An Australian telecommunications provider eliminated all productivity metrics from its frontline reps' operation scorecards. Although handle fourth dimension increased slightly, echo calls fell past 58%. Today the company evaluates its reps solely on the basis of short, direct interviews with customers, essentially asking them if the service they received met their needs.

Freed to focus on reducing customer endeavor, frontline reps can easily pick low-hanging fruit. Ameriprise Fiscal, for instance, asks its client service reps to capture every example in which they are forced to tell a customer no. While auditing the "no's," the visitor found many legacy policies that had been outmoded by regulatory changes or organization or procedure improvements.

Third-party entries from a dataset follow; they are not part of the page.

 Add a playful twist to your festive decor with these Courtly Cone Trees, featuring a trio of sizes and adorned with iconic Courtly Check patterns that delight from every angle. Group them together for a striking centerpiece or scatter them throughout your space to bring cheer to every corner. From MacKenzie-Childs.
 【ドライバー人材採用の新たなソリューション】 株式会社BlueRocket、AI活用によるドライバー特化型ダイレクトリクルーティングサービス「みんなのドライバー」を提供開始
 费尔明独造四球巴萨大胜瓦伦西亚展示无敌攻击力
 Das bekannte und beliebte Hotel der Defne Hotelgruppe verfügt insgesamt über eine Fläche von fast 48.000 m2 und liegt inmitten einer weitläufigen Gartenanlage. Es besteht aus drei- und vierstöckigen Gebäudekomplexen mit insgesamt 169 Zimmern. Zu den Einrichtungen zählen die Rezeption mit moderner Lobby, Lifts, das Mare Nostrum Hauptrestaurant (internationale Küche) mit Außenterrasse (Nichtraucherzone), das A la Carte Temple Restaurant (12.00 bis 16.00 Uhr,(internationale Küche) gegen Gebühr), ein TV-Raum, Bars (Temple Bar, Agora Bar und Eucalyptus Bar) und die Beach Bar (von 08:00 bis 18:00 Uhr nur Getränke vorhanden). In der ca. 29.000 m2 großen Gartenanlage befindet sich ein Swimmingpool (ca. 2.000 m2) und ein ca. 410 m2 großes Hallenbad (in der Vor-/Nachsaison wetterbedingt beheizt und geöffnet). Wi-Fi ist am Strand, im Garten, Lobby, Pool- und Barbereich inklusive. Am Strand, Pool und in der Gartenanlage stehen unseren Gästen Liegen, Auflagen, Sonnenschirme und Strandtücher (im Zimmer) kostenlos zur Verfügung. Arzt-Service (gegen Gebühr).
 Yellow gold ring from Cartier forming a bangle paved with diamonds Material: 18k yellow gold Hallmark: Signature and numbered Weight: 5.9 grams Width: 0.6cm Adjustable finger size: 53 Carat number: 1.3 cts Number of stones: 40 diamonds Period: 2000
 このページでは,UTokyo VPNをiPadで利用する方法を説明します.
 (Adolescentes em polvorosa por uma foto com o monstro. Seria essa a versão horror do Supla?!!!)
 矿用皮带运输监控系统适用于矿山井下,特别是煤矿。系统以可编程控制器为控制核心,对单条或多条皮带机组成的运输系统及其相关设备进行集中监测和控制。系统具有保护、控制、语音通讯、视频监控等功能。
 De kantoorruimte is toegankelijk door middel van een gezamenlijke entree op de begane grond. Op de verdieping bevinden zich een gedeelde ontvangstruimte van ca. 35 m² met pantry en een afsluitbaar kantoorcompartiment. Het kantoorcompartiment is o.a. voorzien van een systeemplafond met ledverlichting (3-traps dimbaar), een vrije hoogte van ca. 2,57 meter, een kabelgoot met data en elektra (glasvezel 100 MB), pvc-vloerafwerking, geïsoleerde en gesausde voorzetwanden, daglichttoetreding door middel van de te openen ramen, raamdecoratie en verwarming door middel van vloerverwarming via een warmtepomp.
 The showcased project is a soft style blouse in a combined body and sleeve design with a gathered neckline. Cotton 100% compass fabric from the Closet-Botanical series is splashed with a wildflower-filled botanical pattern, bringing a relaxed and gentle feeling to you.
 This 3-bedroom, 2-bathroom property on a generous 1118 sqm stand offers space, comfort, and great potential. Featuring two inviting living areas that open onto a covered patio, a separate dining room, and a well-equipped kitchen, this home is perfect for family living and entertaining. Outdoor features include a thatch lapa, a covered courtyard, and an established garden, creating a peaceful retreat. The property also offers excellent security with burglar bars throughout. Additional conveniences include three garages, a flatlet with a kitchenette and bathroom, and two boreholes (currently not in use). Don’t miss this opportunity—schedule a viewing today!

During its first year of "capturing the no's," Ameriprise modified or eliminated 26 policies. Information technology has since expanded the program past request frontline reps to come up with other process efficiencies, generating $1.2 million in savings as a event.

Some companies have gone even further, making depression customer effort the cornerstone of their service value proposition and branding. South Africa's Nedbank, for instance, instituted an "AskOnce" hope, which guarantees that the rep who picks upward the phone will own the client's event from start to terminate.

The immediate mission is clear: Corporate leaders must focus their service organizations on mitigating disloyalty past reducing customer endeavor. But service managers fretting nearly how to reengineer their contact centers—departments congenital on a foundation of delighting the customer—should consider this: A massive shift is nether fashion in terms of customers' service preferences. Although nigh companies believe that customers overwhelmingly prefer live phone service to self-service, our most recent data show that customers are, in fact, indifferent. This is an important tipping signal and probably presages the end of phone-based service every bit the chief channel for customer service interactions. For enterprising service managers, it presents an opportunity to rebuild their organizations around self-service and, in the process, to put reducing customer effort firmly at the core, where it belongs.

A version of this commodity appeared in the July–Baronial 2010 issue of Harvard Business Review.